* **EXERCISE PROMPT**: When you return the lines below, go from the first through the line with "Um dem Ideal", keep them exact, and leave out every picture.

----------------

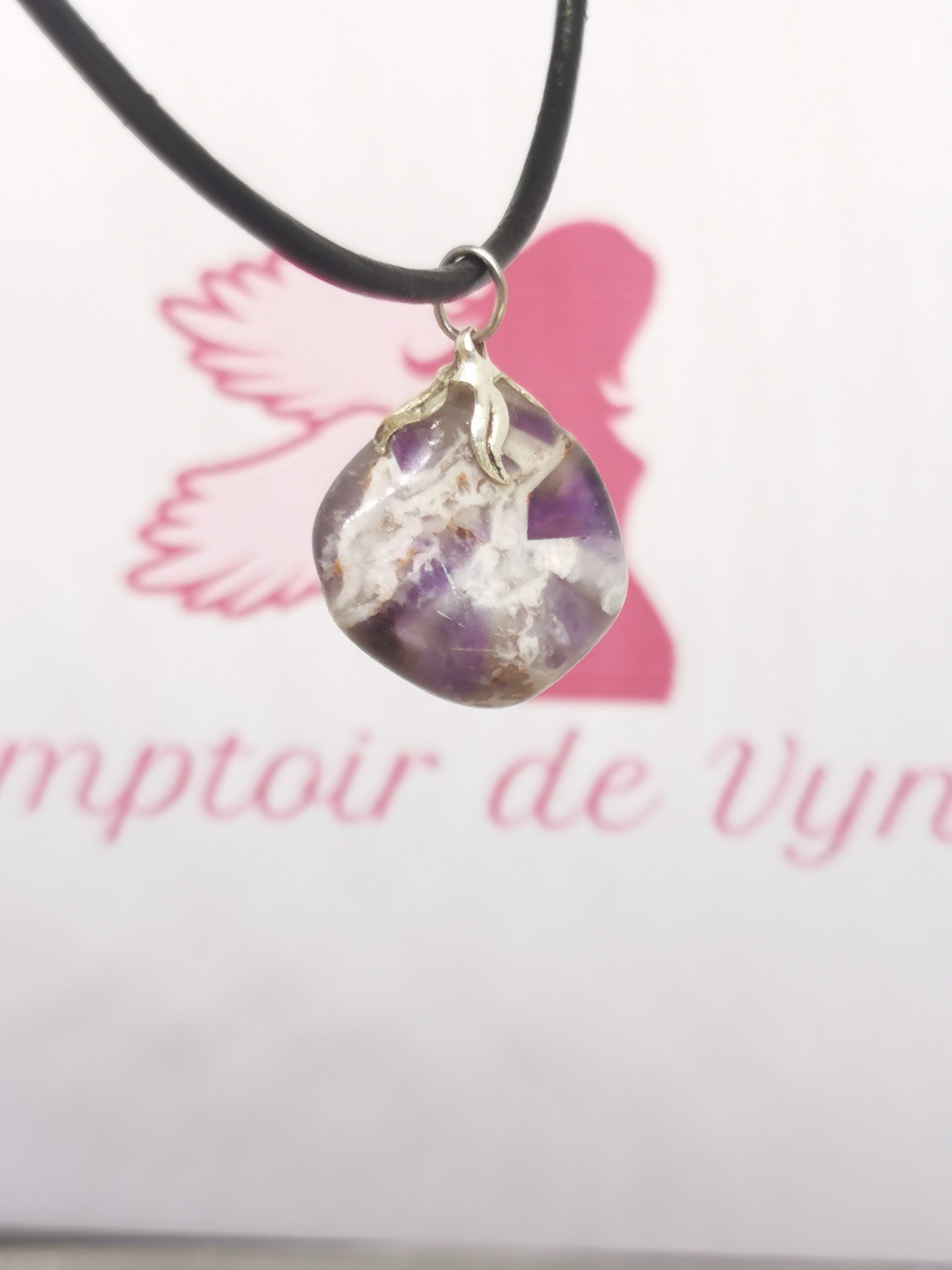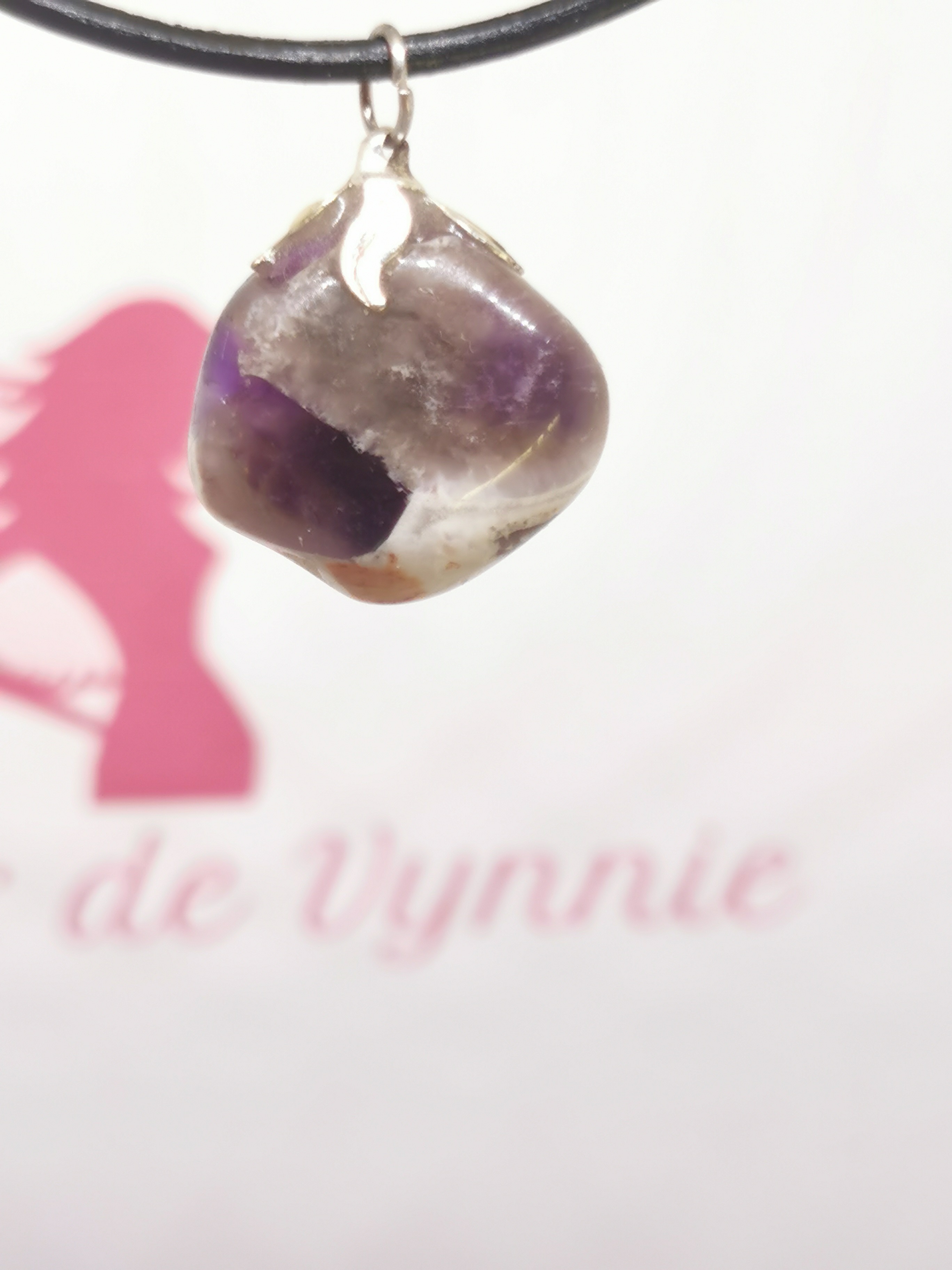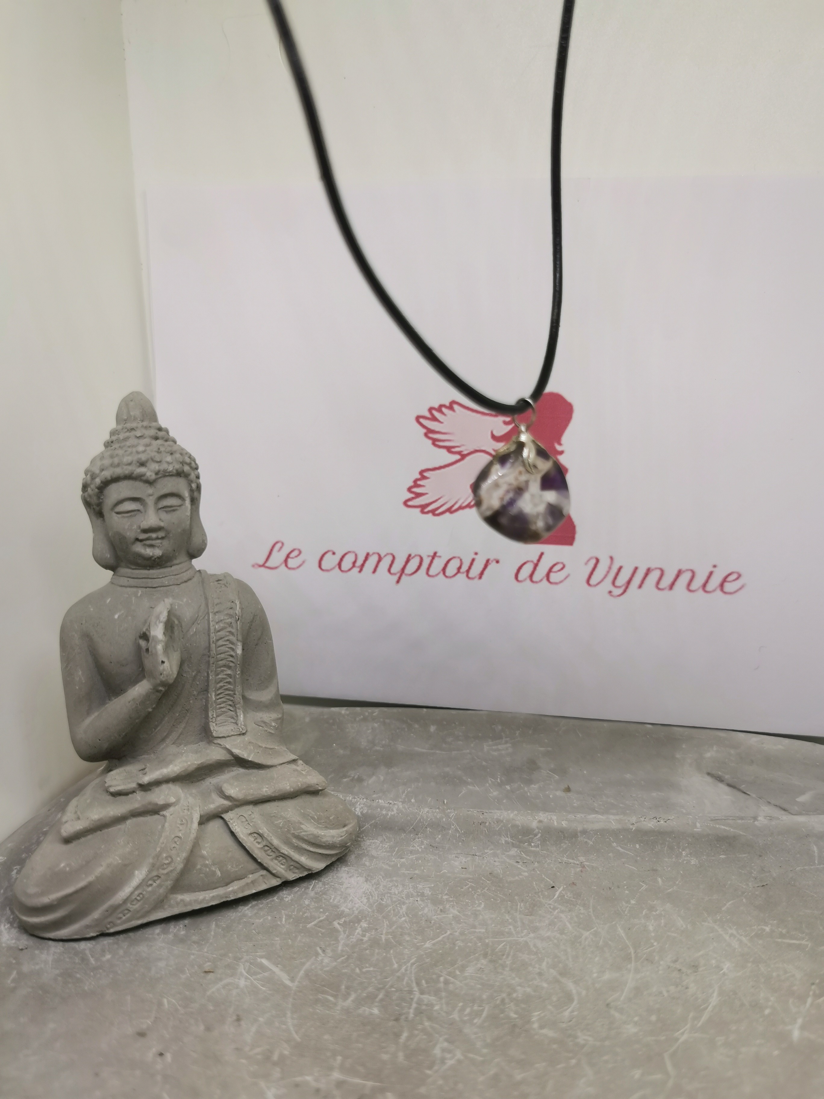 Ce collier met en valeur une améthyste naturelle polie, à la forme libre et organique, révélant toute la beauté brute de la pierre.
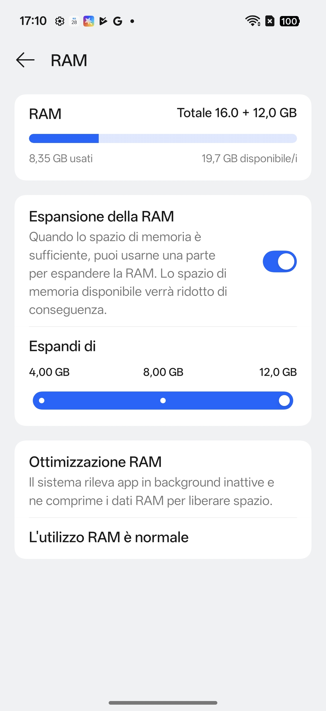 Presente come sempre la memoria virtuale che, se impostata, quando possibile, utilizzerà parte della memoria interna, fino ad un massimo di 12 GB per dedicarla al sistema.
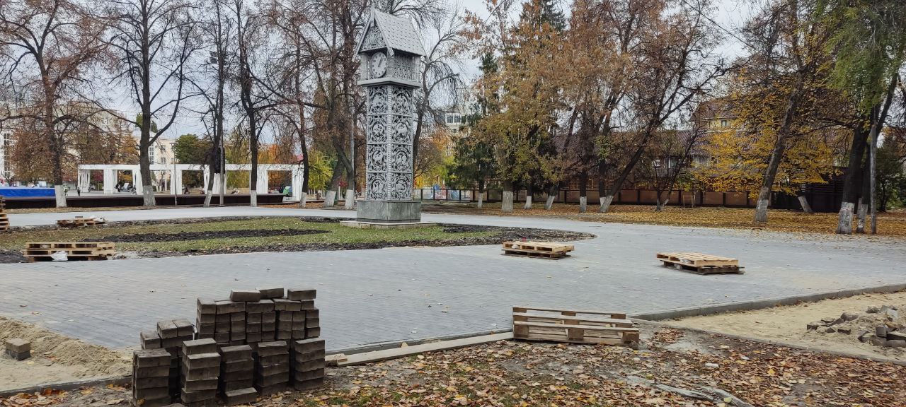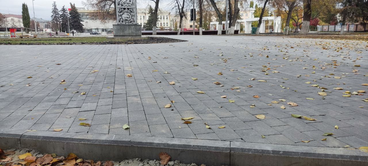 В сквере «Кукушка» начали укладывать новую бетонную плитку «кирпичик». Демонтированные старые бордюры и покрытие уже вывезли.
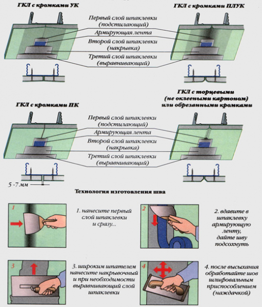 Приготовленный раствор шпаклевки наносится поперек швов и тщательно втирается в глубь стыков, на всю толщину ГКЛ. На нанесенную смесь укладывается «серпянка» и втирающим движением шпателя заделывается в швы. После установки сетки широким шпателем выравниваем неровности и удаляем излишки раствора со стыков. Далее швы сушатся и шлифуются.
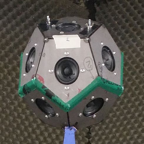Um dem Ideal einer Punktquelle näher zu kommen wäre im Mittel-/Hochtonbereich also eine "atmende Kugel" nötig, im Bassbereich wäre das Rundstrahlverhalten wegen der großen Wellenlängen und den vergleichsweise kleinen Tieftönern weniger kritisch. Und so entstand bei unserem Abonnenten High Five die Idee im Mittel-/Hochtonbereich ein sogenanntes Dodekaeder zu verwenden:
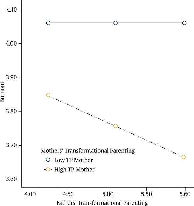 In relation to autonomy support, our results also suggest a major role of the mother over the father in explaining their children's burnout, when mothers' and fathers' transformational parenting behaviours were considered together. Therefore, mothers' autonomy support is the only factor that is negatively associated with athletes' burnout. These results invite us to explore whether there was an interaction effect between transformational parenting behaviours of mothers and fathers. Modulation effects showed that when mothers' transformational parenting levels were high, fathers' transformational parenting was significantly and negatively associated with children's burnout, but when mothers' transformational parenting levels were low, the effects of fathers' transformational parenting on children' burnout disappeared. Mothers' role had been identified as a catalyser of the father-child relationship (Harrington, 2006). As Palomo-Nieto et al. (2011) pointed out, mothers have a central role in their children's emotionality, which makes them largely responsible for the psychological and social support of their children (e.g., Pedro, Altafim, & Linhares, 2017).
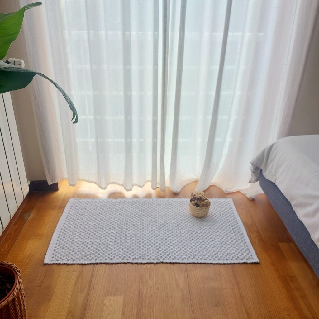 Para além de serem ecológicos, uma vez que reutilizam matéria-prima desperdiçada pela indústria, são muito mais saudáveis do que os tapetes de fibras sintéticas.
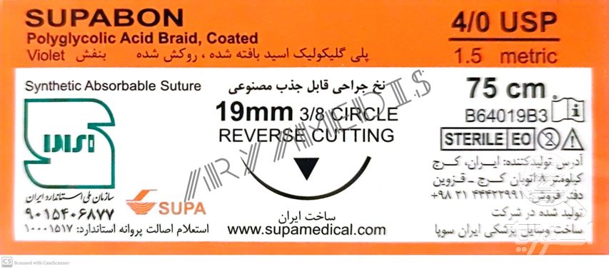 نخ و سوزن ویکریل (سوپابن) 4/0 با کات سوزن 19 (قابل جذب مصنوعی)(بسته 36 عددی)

----------------

* **PROBLEM SOLUTION**:
 Ce collier met en valeur une améthyste naturelle polie, à la forme libre et organique, révélant toute la beauté brute de la pierre.
 Presente come sempre la memoria virtuale che, se impostata, quando possibile, utilizzerà parte della memoria interna, fino ad un massimo di 12 GB per dedicarla al sistema.
 В сквере «Кукушка» начали укладывать новую бетонную плитку «кирпичик». Демонтированные старые бордюры и покрытие уже вывезли.
 Приготовленный раствор шпаклевки наносится поперек швов и тщательно втирается в глубь стыков, на всю толщину ГКЛ. На нанесенную смесь укладывается «серпянка» и втирающим движением шпателя заделывается в швы. После установки сетки широким шпателем выравниваем неровности и удаляем излишки раствора со стыков. Далее швы сушатся и шлифуются.
Um dem Ideal einer Punktquelle näher zu kommen wäre im Mittel-/Hochtonbereich also eine "atmende Kugel" nötig, im Bassbereich wäre das Rundstrahlverhalten wegen der großen Wellenlängen und den vergleichsweise kleinen Tieftönern weniger kritisch. Und so entstand bei unserem Abonnenten High Five die Idee im Mittel-/Hochtonbereich ein sogenanntes Dodekaeder zu verwenden:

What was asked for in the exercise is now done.